Highway in Quebec, Canada

Route 158 is an east-west arterial road running between Lachute and Berthierville, north of the Ottawa and Saint Lawrence rivers, in the Laurentides region.

It runs parallel to Autoroute 50 from Lachute to Autoroute 15 near Mirabel Airport, also passing through Joliette.
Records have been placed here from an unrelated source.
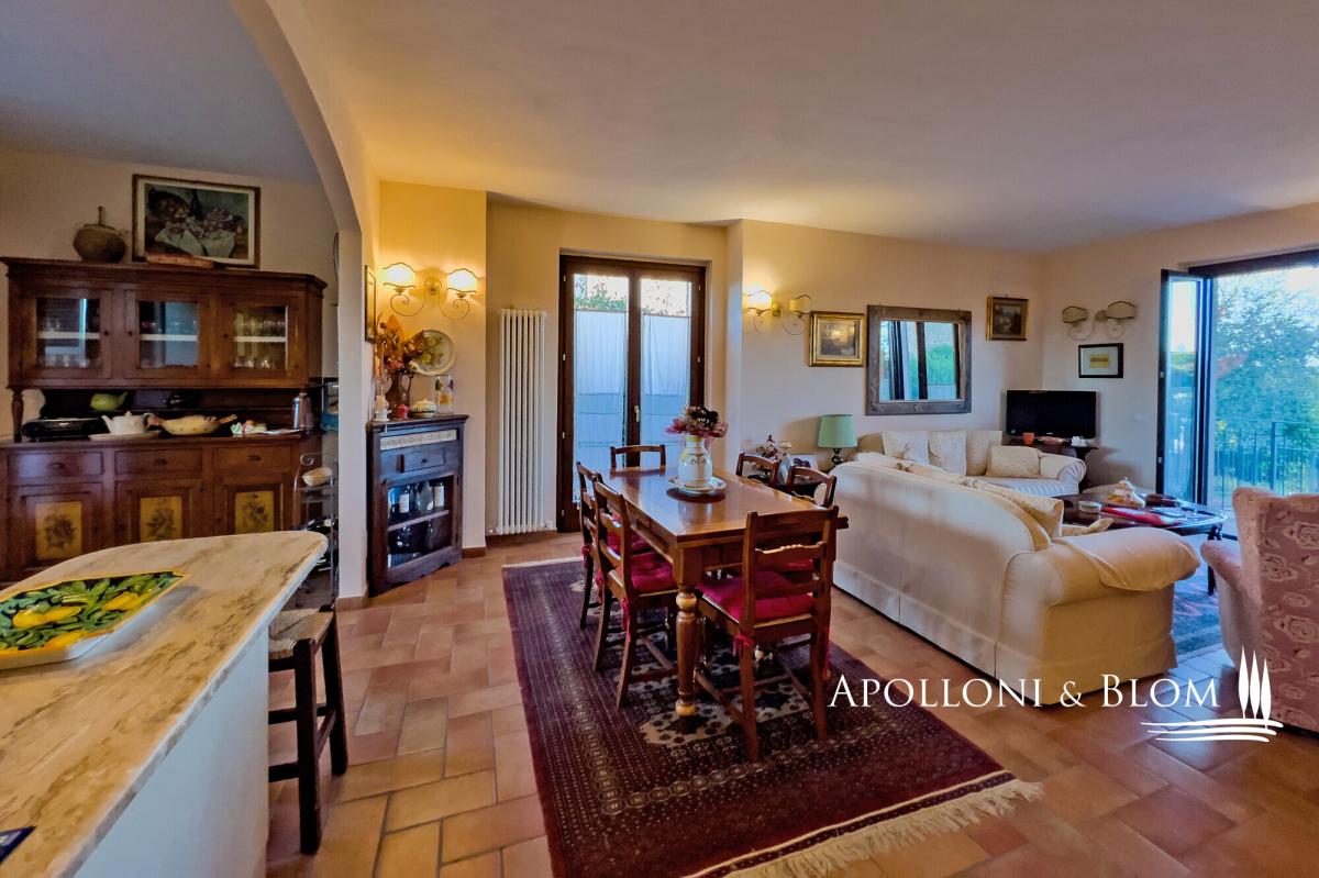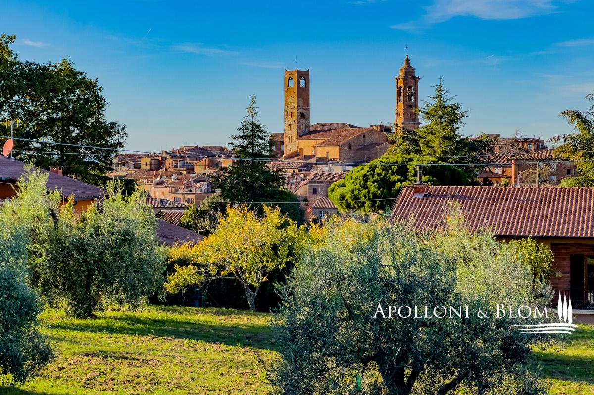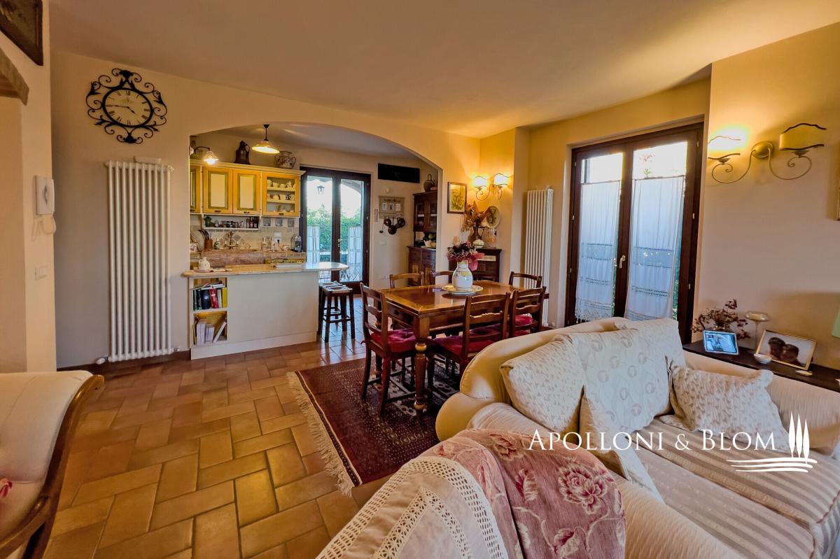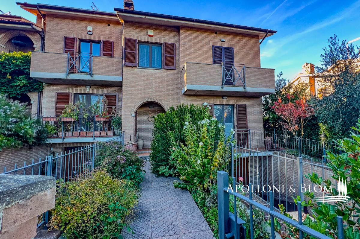 In a quiet residential area, three-story terraced house for sale with stunning views of Città della Pieve, garden, and garage. With an enchanting view over the terracotta rooftops and slender bell towers of Città della Pieve, this corner position terraced house lies in a quiet, green residential quarter, just a short stroll from the historic town centre and all essential amenities. Here, the serene rhythm of Umbrian hill life blends seamlessly with the convenience of town living, offering countryside tranquillity within easy reach of charming cafés, artisan boutiques, and local restaurants. Constructed in 2005 and maintained in immaculate condition, the house unfolds across three levels, offering approximately 203 square metres (2,185 sq ft) of well-proportioned interior space. Each floor has been thoughtfully designed to balance elegance and comfort, with abundant natural light and an understated contemporary aesthetic that honours the local architectural vernacular. At ground level, a welcoming portico leads into a spacious open-plan living area, where large windows and doors invite light in and offer seamless access to a portico overlooking the garden. The living space flows naturally into a well-appointed kitchen, while a guest bathroom completes this floor. On the first floor a main bedroom with en-suite and a panoramic terrace, two additional bedrooms, one with private terrace, and a second bathroom. The lower ground floor has been finished to the same high standards as the main living areas. It offers a characterful taverna with traditional wood-burning fireplace, two additional storage rooms, a bathroom with integrated laundry area, and an internal entrance to the 32-square-metre garage, ensuring both practicality and privacy. Outside, the private garden extends over two sides of the house, offering ample space for quiet enjoyment or entertaining, all framed by open views across the rooftops and skyline of Città della Pieve. This is a turn-key residence ideal as a permanent family home, a refined holiday retreat, or a base from which to explore the cultural and culinary richness of Umbria and nearby Tuscany. PROPERTY Ref: CDP3372 Location: Città della Pieve, Province: Perugia, Region: Umbria Type: 203 sq m/2185 sq ft three-story terraced house with portico, garage and garden Year of construction: 2005 Conditions: excellent Garden: 190 sq m/2045 sq ft fully fenced Parking: 32 sq m/344 sq ft basement garage Utilities: Fixed telephone network: available Internet: available Heating: methane + fireplace Water: mains city supply Electricity: available Water waste: mains city connection Distance from services: 900 mt Distance from main airports: Perugia 50 km, Rome 180 km, Florence 150 km Gravel road: 300 meters Layout: Ground Floor: entrance to the porch at the front, open-plan living room with open kitchen, 1 bathroom First Floor: 1 double bedroom with terrace and en-suite bathroom, 2 bedrooms, one with terrace, 1 bathroom Basement: double internal and external access, 2 storage rooms, a tavern with fireplace, 1 bathroom with laundry room, garage- garden
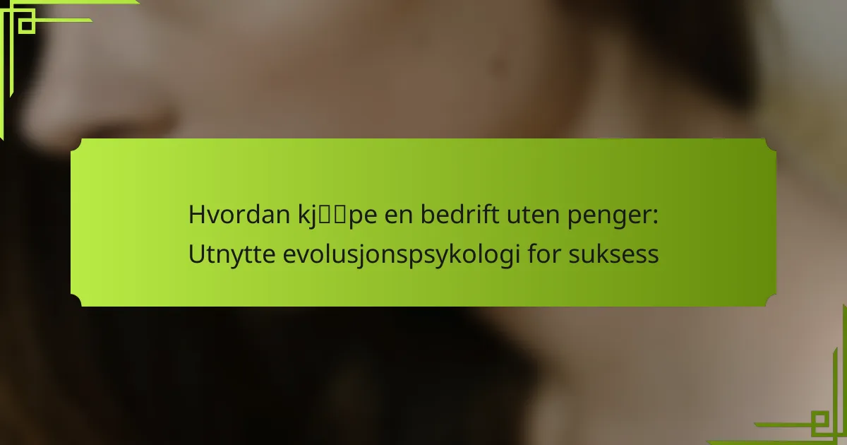 Å kjøpe en bedrift uten penger kan være en skremmende utfordring. Å forstå evolusjonspsykologi kan forbedre din oppkjøpsstrategi ved å utnytte menneskelig atferd. Å gjenkjenne psykologiske triggere kan skape overbevisende tilbud og fremme tillit med selgere. Å anvende disse prinsippene muliggjør innovative løsninger og effektive forhandlinger, selv med begrensede økonomiske ressurser.
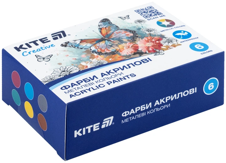 Набір акрилових фарб Kite Creative 6 металевих кольорів у баночках по 20 мл (K-273)
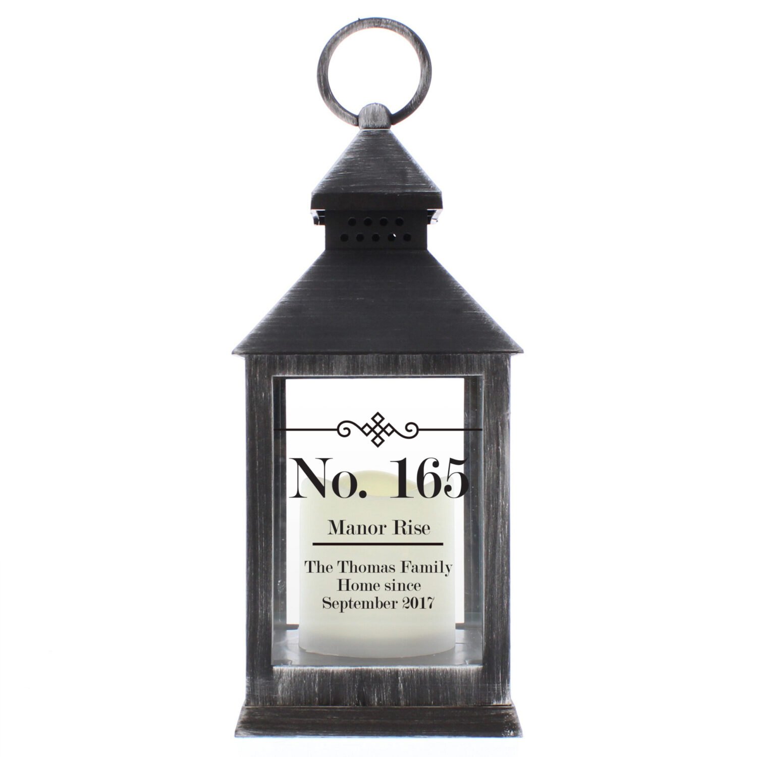 Personalised Elegant Diamond Design Rustic Black Plastic Light-up Lantern
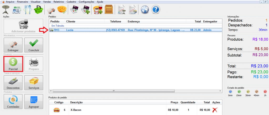 Em seguida clique em Parcial, para poder visualizar a forma de pagamento.
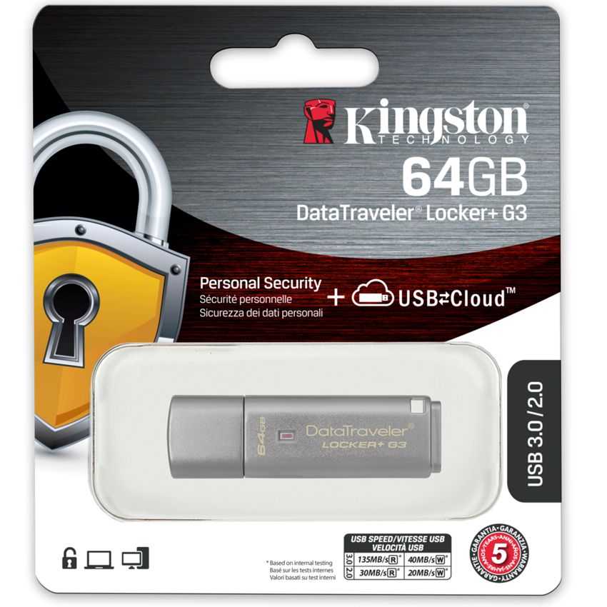 Descripción Ponga un candado en sus datos personales con la unidad DataTraveler® Locker+ G3 de Kingston. Es una manera segura y fácil de mantener sus facturas, extractos bancarios u otros documentos confidenciales seguros, gracias a un sistema de cifrado del hardware y protección mediante contraseña que proporciona una doble capa de seguridad de los datos. La unidad se bloquea y reformatea después de 10 intentos fallidos de inicio de sesión, por lo que los usuarios pueden quedarse tranquilos sabiendo que sus datos permanecen seguros incluso si extravían la unidad o son víctima de un hurto. DataTraveler Locker+ G3 ofrece como función optativa la copia de seguridad en la nube.
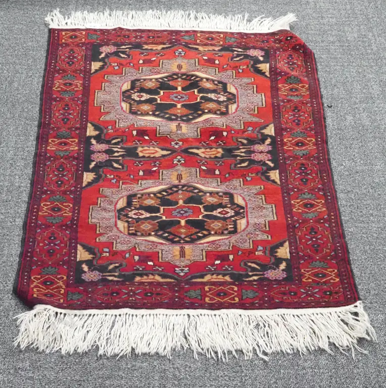 Hand Knotted Afghan Rug. Red Ground With Two Large Geometric Patterns to Centre
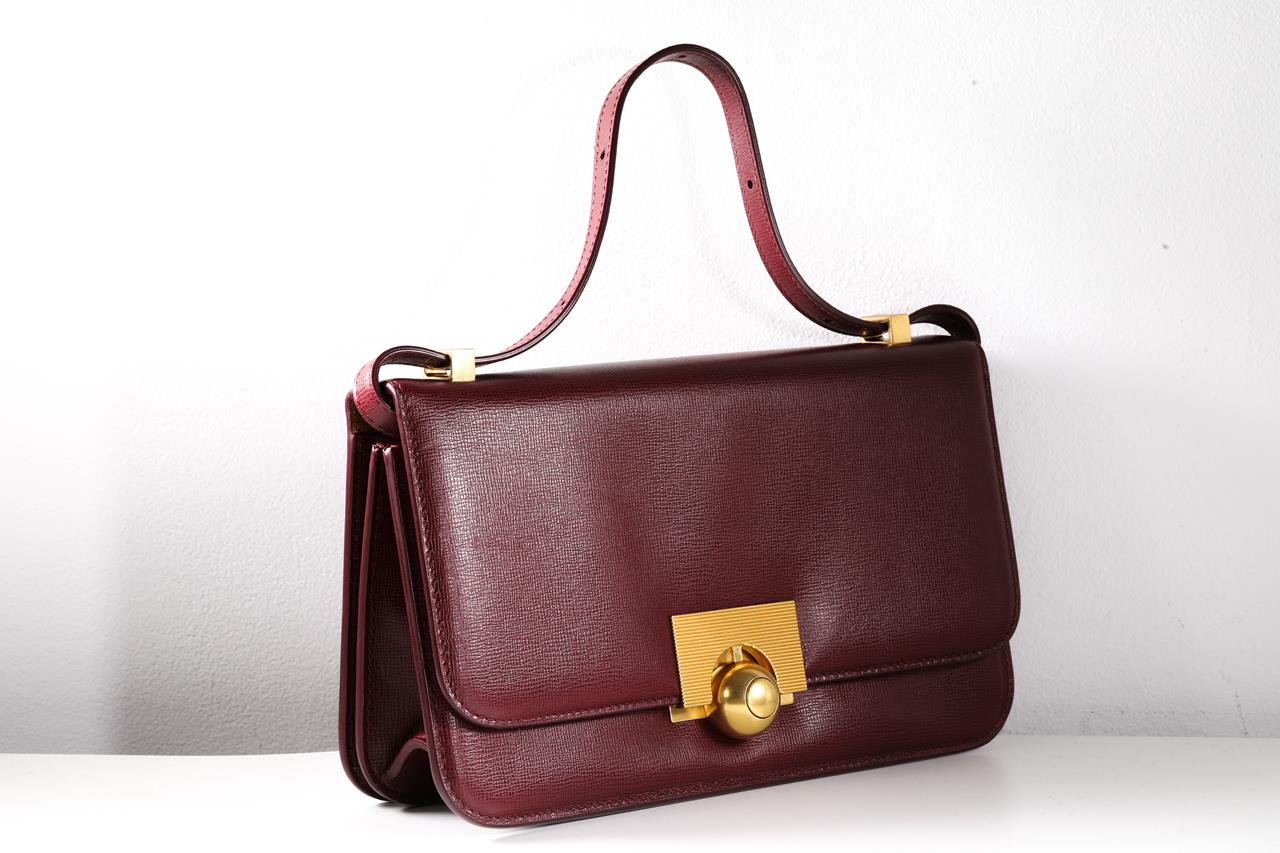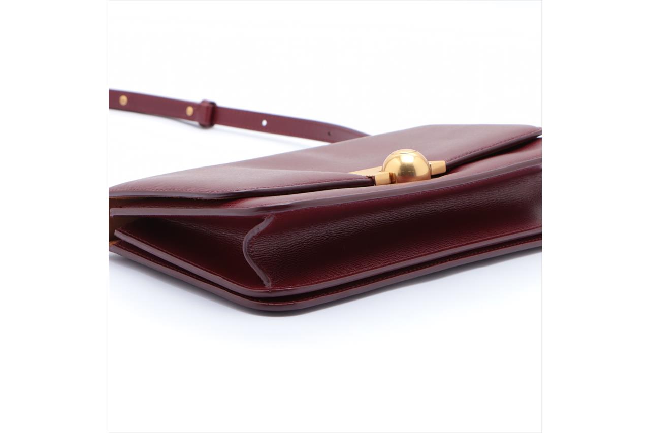 Bottega Veneta Ronde Bordeaux leather shoulder bag. Fold over clasp closure and brass-tone hardware. Made in Italy. Approximate dimensions: 28cm (L) x 15.5cm (H) x 8cm (D). With Entrupy Certificate of Authenticity. (Pre-owned)
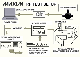 Maxim的RF測試裝置(圖2)產(chǎn)生用于測試RF抗干擾能力的RF場。測試電波暗室具有一個屏蔽室,作用與法拉第腔的屏蔽室類似,具有連接電源和輸出監(jiān)視器的端口。把下面列舉的設(shè)備連接起來就可以組成測試裝置:
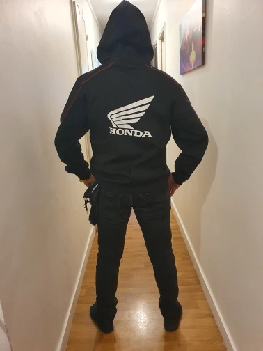 Довольно хороший принт и ткань плотнее, чем ожидалось. Стильная куртка. К сожалению, передняя молния была черной, а не красной, но остальное было так, как ожидалось. Я 1,78 метров в высоту и красивая стройная женщина. Купил Размер s, и он очень хорошо сидит.

A section of the 158 in Joliette is a four-lane, mostly divided expressway and was intended to be part of an eastern extension of A-50 towards A-40 in Berthierville by-passing several accident-prone sections of Highway 158.

In Berthierville, it junctions with Autoroute 40 and Route 138 and ends on the island municipality of Saint-Ignace-de-Loyola at the Saint Lawrence River, which can be crossed by car ferry to Route 132 in Sorel-Tracy.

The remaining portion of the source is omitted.